A lightweight MCP server that enables large language models to perform full HTTP operations (GET, POST, PUT, DELETE, PATCH) and fetch web content. It offers custom or random User‑Agent headers, request header manipulation, and automated conversion of HTML to clean Markdown for easier LLM consumption.

Capabilities

Resources
Access data sources
Tools
Execute functions
Prompts
Pre-built templates
Sampling
AI model interactions

Overview

The Coucya MCP Server Requests provides a lightweight, HTTP‑centric interface for large language models to interact with the web. By exposing standard HTTP verbs (GET, POST, PUT, DELETE, PATCH) and a rich set of request‑customization options, the server turns any LLM into an intelligent web client capable of retrieving, parsing, and manipulating remote content. This eliminates the need for separate scraping libraries or custom networking code within the assistant, allowing developers to focus on higher‑level logic while still granting the model fine‑grained control over network interactions.

At its core, the server accepts a URL and optional headers or payloads, performs the HTTP request, and returns both the raw response body and the full set of response headers. For content‑heavy responses, it offers multiple cleaning pipelines—ranging from simple tag removal to full Markdown conversion. These pipelines enable the model to ingest clean, readable text or preserve raw HTML for downstream processing. The ability to retrieve header metadata (status codes, content types, caching directives) further empowers LLMs to make decisions about retry logic, pagination, or conditional fetching.

Key capabilities include:

  • User‑Agent flexibility: Models can specify a custom User‑Agent string or delegate to the server for random generation, optionally overriding LLM preferences. This is essential for interacting with sites that enforce strict bot detection or require specific browser fingerprints.
  • Header and payload control: Custom request headers (e.g., authentication tokens, cookies) and body data for POST/PUT/PATCH requests are fully supported via a simple key/value string syntax.
  • Content filtering: Built‑in filters strip scripts, styles, and other non‑display elements, while stricter modes remove most HTML attributes to yield clean text or Markdown. This reduces noise and improves downstream comprehension.
  • Full HTTP method support: Beyond simple GET, the server exposes POST, PUT, DELETE, and PATCH, enabling CRUD operations on RESTful APIs directly from the assistant.

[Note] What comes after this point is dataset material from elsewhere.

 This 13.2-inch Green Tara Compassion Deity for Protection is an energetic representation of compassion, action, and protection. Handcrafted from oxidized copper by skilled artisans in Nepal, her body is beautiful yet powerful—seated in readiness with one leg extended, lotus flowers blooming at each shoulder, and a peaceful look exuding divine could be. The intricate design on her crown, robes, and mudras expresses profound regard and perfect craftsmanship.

Real‑world scenarios where this server shines include:

  • Dynamic data extraction: A travel assistant can fetch flight status pages, clean the HTML to Markdown, and present concise updates.
  • API integration: A customer support bot can POST JSON payloads to a ticketing system, retrieve the response headers for status verification, and relay confirmation back to the user.
  • Web‑scraping pipelines: Developers can chain multiple fetches, apply content filters, and feed the results into downstream NLP tasks without leaving the MCP ecosystem.

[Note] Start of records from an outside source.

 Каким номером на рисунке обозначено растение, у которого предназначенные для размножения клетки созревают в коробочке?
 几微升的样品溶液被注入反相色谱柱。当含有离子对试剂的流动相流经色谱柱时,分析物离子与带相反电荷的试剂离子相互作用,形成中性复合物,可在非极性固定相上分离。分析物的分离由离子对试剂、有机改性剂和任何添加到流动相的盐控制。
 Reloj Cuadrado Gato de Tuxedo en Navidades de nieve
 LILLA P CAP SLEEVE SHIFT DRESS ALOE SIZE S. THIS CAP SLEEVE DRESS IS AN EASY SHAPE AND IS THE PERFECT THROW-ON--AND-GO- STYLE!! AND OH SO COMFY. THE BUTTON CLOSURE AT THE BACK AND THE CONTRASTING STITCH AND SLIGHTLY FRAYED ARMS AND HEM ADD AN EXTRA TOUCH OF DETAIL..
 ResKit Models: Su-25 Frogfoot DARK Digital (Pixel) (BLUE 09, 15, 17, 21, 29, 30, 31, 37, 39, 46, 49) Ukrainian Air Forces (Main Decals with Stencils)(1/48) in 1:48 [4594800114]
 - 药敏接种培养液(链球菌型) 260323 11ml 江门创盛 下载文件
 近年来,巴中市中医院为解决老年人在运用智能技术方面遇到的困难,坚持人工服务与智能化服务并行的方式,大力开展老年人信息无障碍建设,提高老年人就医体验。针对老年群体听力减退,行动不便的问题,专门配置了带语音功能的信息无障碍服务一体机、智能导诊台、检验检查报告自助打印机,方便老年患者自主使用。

Integration with AI workflows is straightforward. The server is registered as an MCP endpoint, and LLMs can invoke its tools via standard tool calls. Because the server returns structured data (headers, body, status), downstream models can parse and act upon it using natural language prompts or programmatic logic. This tight coupling between network operations and LLM reasoning makes the Coucya MCP Server Requests a powerful building block for any AI application that requires real‑time web access.